The average size of a micro guide is 3.5 to 4 mm in diameter, some even smaller. A standard casting rod uses guides that typically decrease from 12 mm to the tip, with a total guide count around 7 or 8. Rods built with micro guides may contain as many as 14 guides. The additional guides dampen the line’s vibration by confining the line within the tiny spaces, thus restricting the amount of line slap.

The mainstay for micro guides seems to be the overall reduction in rod weight and increased sensitivity. John Bretza, Director of Product Development for Okuma Fishing explained. “Smaller guides mean rods are becoming much lighter, especially at the tip. The reduction in weight allows for more of the smaller guides to be used, making it easier to balance, while also increasing overall sensitivity.”

Only a few years ago in their haste to capitalize on the micro guide craze, manufacturers were pumping out thousands of sticks laced with tiny guides with little research compiled resulting in several missteps during the process. Smaller sized stripper guides were placed too close to the reel, creating a drastic angle where the line funneled down into it, causing line abrasion when casting and when the rod was loaded under pressure. Guides were also improperly spaced and there were widespread problems with inserts popping out. There were also arguments whether the increased number of micro guides now being used would truly offset the weight of the rod.

With time, further research and development created a hybrid guide system that’s become more of a concept than a product, using micro guides towards the upper end of the rod, with slightly larger guides near the bottom. Through developments in guide spacing and size to determine the appropriate angle of line coming off the reel, the market has adapted to the changes and anglers are seeing benefits across a wide range of venues. Furthermore, the newest sets of micro guides are designed to perfectly transfer the line over the differently powered sections of the rod.

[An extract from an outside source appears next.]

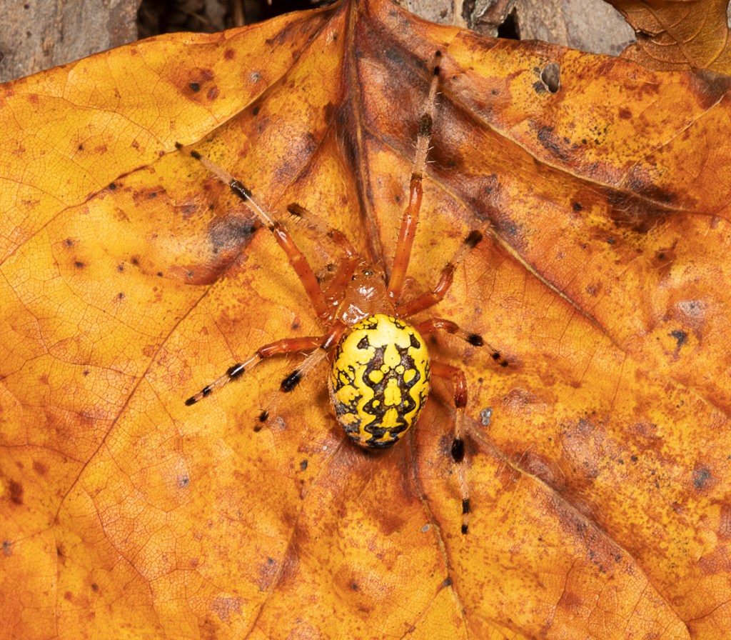 Walking a few feet more and I missed seeing another silken line and got entangled in a large web of another Halloween Spider. When I pulled on it to free myself, the owner dropped out of her hide onto the ground and scuttled away (a common defense strategy), but not before I managed a photo as she crossed an equally colorful fallen leaf.

Companies like Fuji are on the forefront of guide development and recently launched a new Deep-Pressed guide that secures a ring on a thin frame, yet provides a large surface area for securing the ring material. Collins Illich, VP Director of Conventional Tackle for Temple Fork Outfitters explained that as the market continues to evolve micro guides are finding their place maybe not as originally intended, but as part of a greater product development. “Just look at the new product showcase at ICAST over the last few years—almost every rod entered a few years ago included micro guides and last year there were only a few,” observed Illich.

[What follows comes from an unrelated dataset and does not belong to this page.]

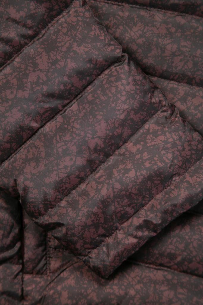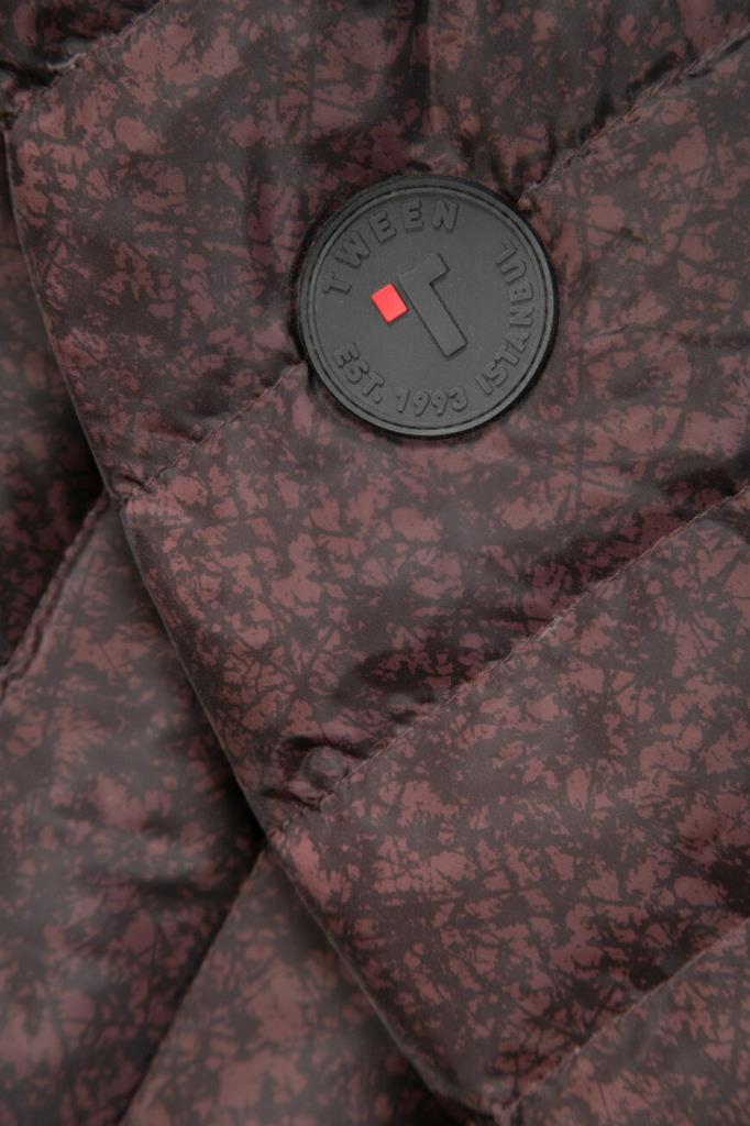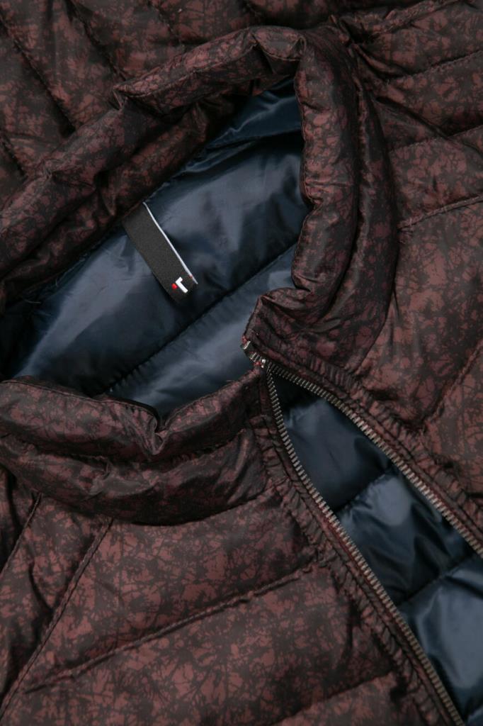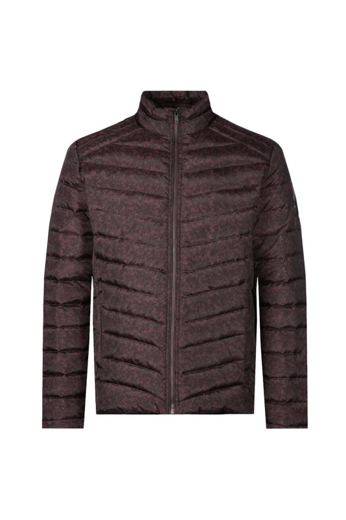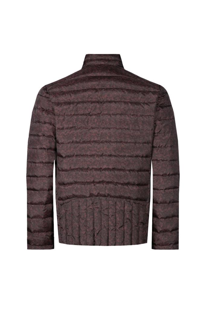 Стильная мужская стёганая куртка TWEEN из прочного синтетического износостойкого материала изысканного бордового оттенка с оригинальным контрастным чёрным абстрактным узором по всей поверхности изделия.

Only time will tell if micro guides will stick around or fade into obscurity. However, a growing number of recreational anglers and tournament pros alike are believers and express the benefits of the latest advancements. With respected brands like Ducket, Lew’s, Okuma, Temple Fork, Falcon, Phenix and Seeker continuing to produce incredibly advanced rods utilizing micro guide technology, it’s time you experience the difference for yourself. While micros aren’t ideal for every scenario, they may soon be your guide layout of choice for numerous technique-specific applications. Choose wisely!